• **INPUT**
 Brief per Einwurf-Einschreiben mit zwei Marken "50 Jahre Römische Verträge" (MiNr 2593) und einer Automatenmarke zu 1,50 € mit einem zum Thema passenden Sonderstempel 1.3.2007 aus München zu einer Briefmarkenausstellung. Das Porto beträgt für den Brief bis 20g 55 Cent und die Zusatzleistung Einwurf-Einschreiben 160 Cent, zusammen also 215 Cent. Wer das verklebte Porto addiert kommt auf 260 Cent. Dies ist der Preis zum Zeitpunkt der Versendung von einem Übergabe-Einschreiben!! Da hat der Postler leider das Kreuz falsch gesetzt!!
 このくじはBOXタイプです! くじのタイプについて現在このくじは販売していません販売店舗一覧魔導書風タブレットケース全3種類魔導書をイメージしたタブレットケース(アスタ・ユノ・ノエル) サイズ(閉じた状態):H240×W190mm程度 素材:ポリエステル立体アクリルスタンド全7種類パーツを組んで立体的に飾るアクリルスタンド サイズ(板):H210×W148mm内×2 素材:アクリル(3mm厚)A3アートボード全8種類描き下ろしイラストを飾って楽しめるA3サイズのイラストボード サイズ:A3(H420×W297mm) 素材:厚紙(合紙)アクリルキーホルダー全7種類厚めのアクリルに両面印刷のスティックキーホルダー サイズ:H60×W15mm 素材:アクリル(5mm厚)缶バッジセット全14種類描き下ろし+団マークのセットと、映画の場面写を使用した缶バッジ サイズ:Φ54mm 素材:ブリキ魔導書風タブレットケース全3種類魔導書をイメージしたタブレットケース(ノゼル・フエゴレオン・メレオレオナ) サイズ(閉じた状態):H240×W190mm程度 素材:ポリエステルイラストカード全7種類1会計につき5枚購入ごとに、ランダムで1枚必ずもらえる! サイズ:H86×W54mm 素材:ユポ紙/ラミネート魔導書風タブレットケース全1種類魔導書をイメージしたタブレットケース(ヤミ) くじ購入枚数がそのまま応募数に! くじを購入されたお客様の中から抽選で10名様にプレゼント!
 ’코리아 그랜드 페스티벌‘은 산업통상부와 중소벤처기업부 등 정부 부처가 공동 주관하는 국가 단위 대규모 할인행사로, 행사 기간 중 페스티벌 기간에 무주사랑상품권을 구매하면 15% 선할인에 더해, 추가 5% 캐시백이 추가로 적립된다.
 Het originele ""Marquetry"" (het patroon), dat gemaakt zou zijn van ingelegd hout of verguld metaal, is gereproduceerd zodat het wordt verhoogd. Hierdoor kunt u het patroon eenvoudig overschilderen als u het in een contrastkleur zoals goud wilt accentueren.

--

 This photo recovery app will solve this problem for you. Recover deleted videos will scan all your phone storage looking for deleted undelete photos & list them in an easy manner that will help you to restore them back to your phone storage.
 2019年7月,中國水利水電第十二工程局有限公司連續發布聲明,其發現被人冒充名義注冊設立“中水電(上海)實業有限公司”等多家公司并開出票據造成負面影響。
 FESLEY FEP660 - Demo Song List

* * *

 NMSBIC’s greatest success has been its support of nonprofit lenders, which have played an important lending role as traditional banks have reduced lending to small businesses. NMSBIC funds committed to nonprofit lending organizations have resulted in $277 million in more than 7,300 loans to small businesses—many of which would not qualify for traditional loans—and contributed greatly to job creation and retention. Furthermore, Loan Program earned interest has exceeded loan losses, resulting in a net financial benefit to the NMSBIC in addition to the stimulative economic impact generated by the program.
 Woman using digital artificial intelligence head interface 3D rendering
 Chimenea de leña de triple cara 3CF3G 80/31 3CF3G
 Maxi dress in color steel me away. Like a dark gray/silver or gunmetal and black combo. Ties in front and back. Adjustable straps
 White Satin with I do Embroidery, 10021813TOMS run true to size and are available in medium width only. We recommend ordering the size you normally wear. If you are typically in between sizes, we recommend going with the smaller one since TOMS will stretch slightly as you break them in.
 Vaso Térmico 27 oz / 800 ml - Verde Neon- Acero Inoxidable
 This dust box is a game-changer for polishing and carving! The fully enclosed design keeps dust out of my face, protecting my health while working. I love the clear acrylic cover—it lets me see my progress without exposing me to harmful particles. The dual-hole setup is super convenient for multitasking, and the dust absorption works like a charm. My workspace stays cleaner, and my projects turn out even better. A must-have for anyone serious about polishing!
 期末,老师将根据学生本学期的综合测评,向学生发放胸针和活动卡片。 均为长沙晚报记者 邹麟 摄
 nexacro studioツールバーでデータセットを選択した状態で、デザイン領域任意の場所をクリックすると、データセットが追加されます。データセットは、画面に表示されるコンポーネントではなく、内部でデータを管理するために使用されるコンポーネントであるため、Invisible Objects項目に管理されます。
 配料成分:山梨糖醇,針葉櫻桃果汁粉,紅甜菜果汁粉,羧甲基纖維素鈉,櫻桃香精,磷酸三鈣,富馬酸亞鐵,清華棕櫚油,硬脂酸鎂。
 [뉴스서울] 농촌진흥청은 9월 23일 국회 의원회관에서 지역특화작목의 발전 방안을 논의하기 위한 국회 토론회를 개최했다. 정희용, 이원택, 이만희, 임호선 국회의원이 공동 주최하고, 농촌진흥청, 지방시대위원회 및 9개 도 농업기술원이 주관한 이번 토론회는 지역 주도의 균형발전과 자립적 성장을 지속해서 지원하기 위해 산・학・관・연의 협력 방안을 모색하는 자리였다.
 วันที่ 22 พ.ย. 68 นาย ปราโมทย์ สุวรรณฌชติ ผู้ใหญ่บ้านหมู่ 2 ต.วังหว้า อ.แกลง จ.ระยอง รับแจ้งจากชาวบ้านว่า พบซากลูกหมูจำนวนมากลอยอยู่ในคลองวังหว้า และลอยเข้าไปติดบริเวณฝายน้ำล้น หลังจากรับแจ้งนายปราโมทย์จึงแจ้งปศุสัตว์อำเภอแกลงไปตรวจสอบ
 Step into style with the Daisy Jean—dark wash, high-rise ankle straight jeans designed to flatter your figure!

• **WORK REQUIRED**
For each line above that contains "your", make a copy.

• **EXERCISE SOLUTION**
 This photo recovery app will solve this problem for you. Recover deleted videos will scan all your phone storage looking for deleted undelete photos & list them in an easy manner that will help you to restore them back to your phone storage.
 Step into style with the Daisy Jean—dark wash, high-rise ankle straight jeans designed to flatter your figure!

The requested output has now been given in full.